Sepertinya setiap tentara, meski sudah pensiun, memiliki kecintaan yang tak terungkapkan pada senjata. Tian Bo juga begitu. Saat membicarakan senjata, matanya berubah, berbeda sama sekali dari sebelumnya. Saat itu, ia menunjukkan sisi tajamnya.

“Aku tak berani bilang ahli, tapi dasar-dasarnya kuasai,” katanya. Meski begitu, matanya mengungkapkan kebanggaan yang ia coba sembunyikan. Aku tahu ia sedang merendah. Aku pun memuji, “Jangan merendah, pasti sewaktu di militer kamu punya keunikan tersendiri.”

“Tidak juga, itu hanya pujian berlebihan dari orang-orang di sekitarku. Aku bahkan dapat julukan penembak jitu, tapi itu pasti dilebih-lebihkan,” Tian Bo tersenyum rendah hati. Namun kebanggaan dalam matanya bukanlah pura-pura.

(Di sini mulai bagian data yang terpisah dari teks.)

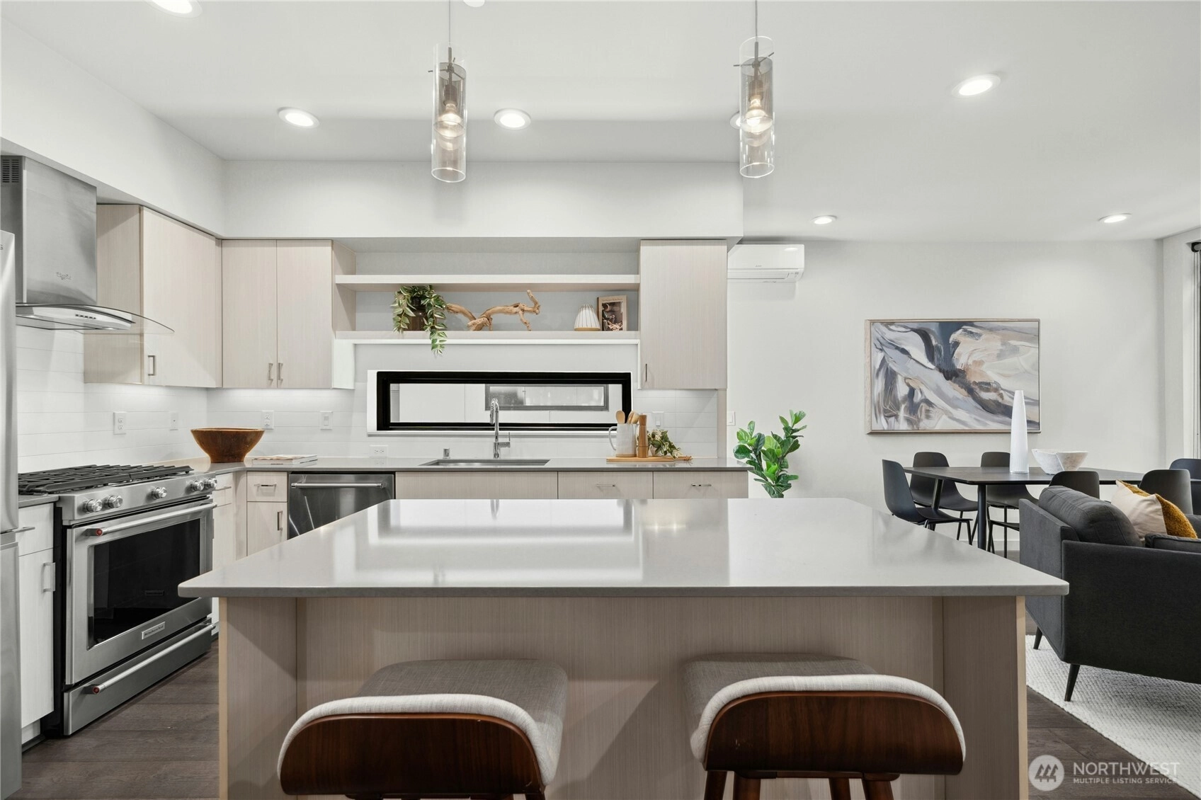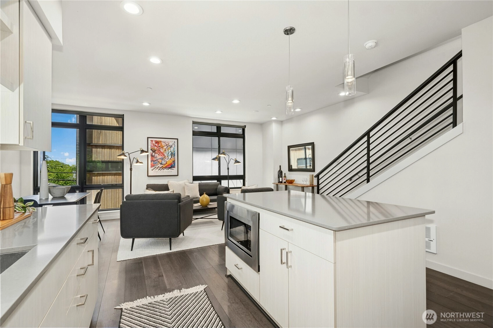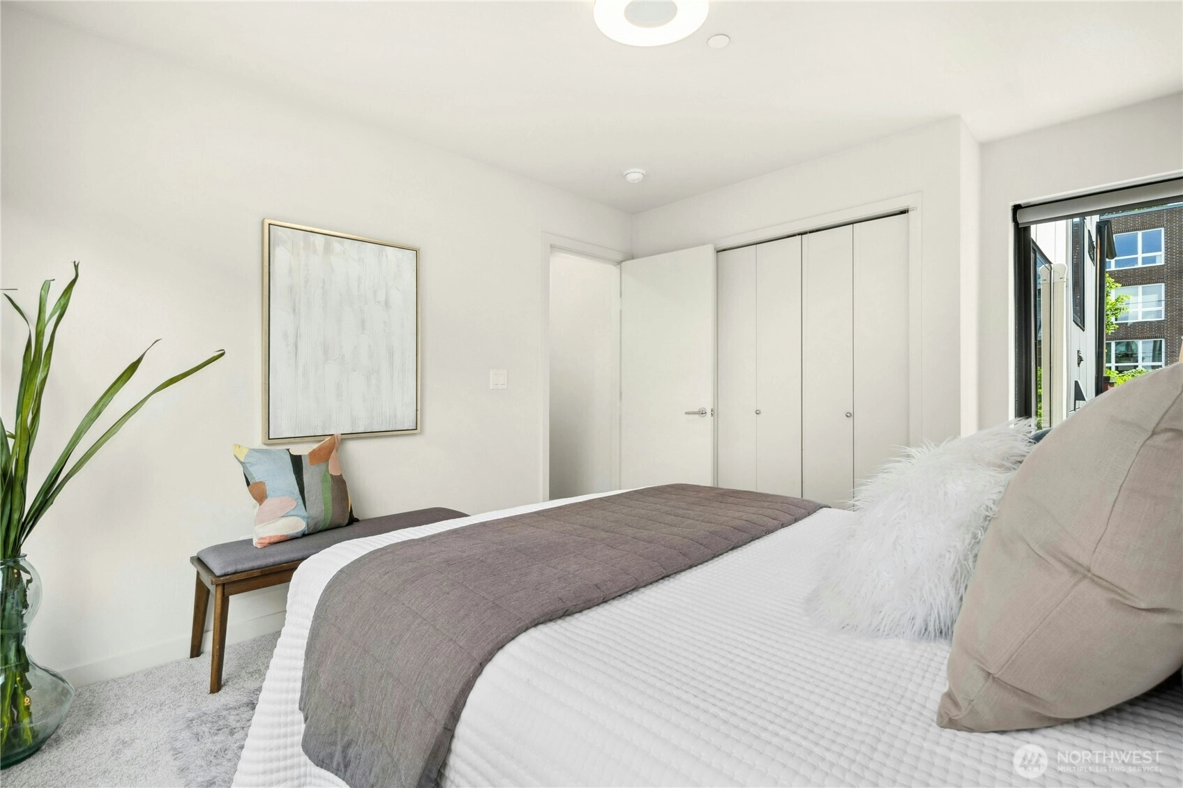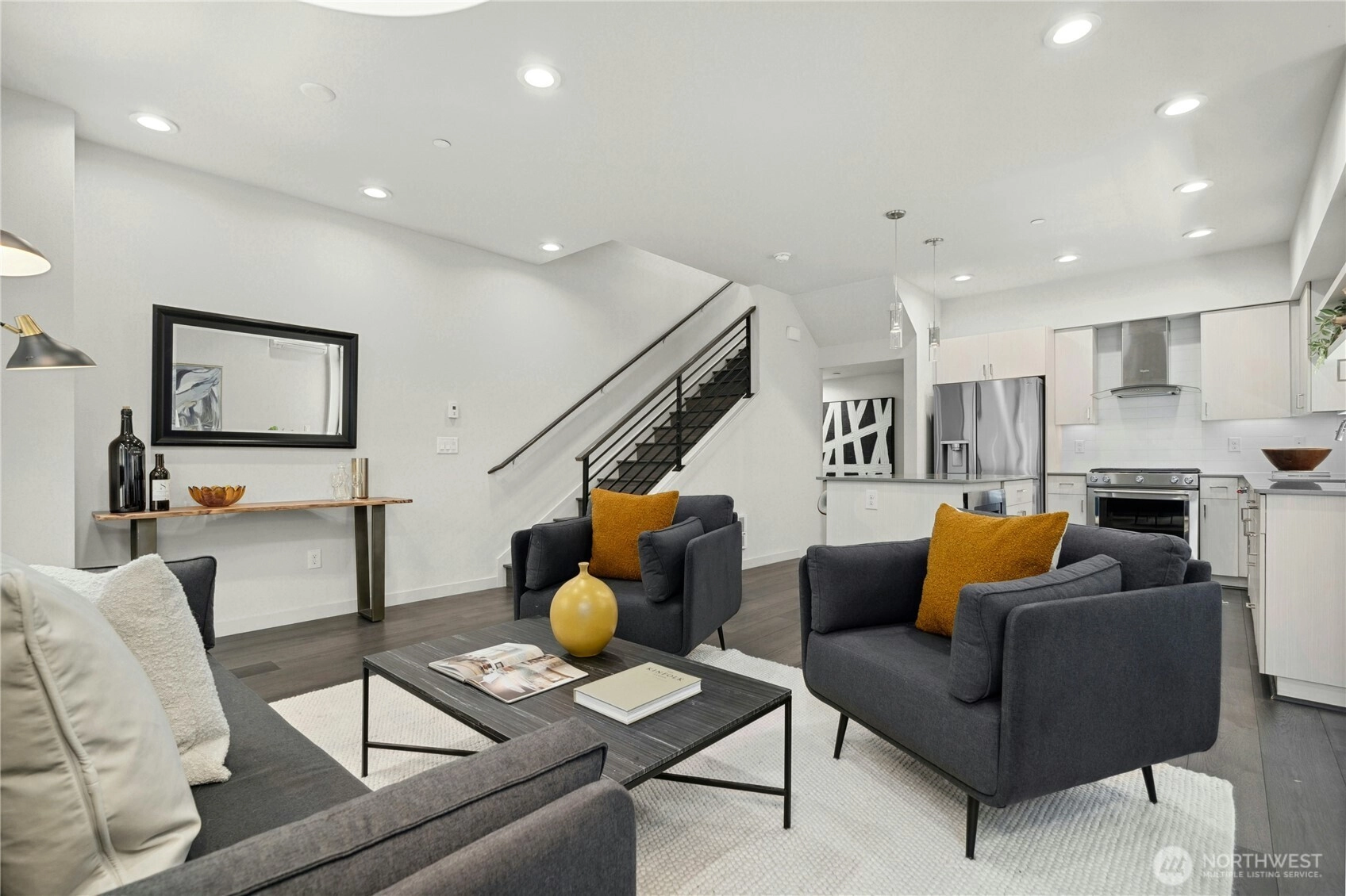 Fall in love with this spacious 1,957 sq ft West Seattle townhouse featuring 4 generous bedrooms—including a stunning primary suite with 11-ft ceilings, private deck, and sunset views of Puget Sound and the Olympics. Soaring ceilings on every level enhance the bright, open feel, while fresh carpet and upgraded lighting add a modern touch. Enjoy a welcoming bonus entry room, ductless AC on top floors, radiant in-floor heat below, full-size W/D, and extra storage. With private parking, no HOA, and an unbeatable central location, this well-cared-for home is a rare find.

Begitu mendengar kata “penembak jitu”, aku tahu aku beruntung menemukan seseorang yang sangat berharga.

Memiliki prajurit khusus untuk kita gunakan jelas tidak mudah, tapi mendapatkan seorang penembak jitu di antara mereka jauh lebih langka. Aku merasa ini seperti takdir. Baru saja aku menyuruh Peng Shan membeli senjata, tiba-tiba datang seorang penembak jitu. Sungguh tak terbayangkan.

Sudah terbayang bagaimana aku akan memanfaatkan kemampuan Tian Bo. Rasanya peluang kemenangan kami bertambah. Dengan Tian Bo, setidaknya tim kami bertambah satu orang berbakat, dan itu sangat kami butuhkan.

Huang Mao yang mendengar semuanya terbelalak. Ia tak menyangka Tian Bo yang tampak biasa saja di jalanan, bahkan tak ada yang mengenalinya, ternyata menyimpan kemampuan luar biasa. Bukan sekadar prajurit khusus, kata-katanya tadi hanya merendah.

Lebih dari rasa terkejut terhadap Tian Bo, kepercayaan Huang Mao padaku meningkat pesat. Sebelumnya aku tak pernah menjelaskan apa pun padanya, demi momen ini. Huang Mao tak menyangka aku benar-benar jeli dalam menilai orang.

Huang Mao sebelumnya curiga atas keputusanku, merasa aku terlalu ikut campur alias terhalang oleh Yang Mengmeng, sampai akhirnya menyelamatkan orang ini secara kebetulan. Ia tak pernah menduga, orang yang diselamatkan itu hanyalah penjaja di pasar keliling, tapi ternyata seorang prajurit khusus. Pertemuan mereka sendiri sudah sebuah keajaiban.

Jika sebelumnya Huang Mao masih meragukan keputusan dan pikiranku, kini keraguannya hampir sirna. Setelah aku menemukan Tian Bo dengan cara seperti ini, kepercayaan Huang Mao padaku meningkat pesat. Ia benar-benar terkagum-kagum.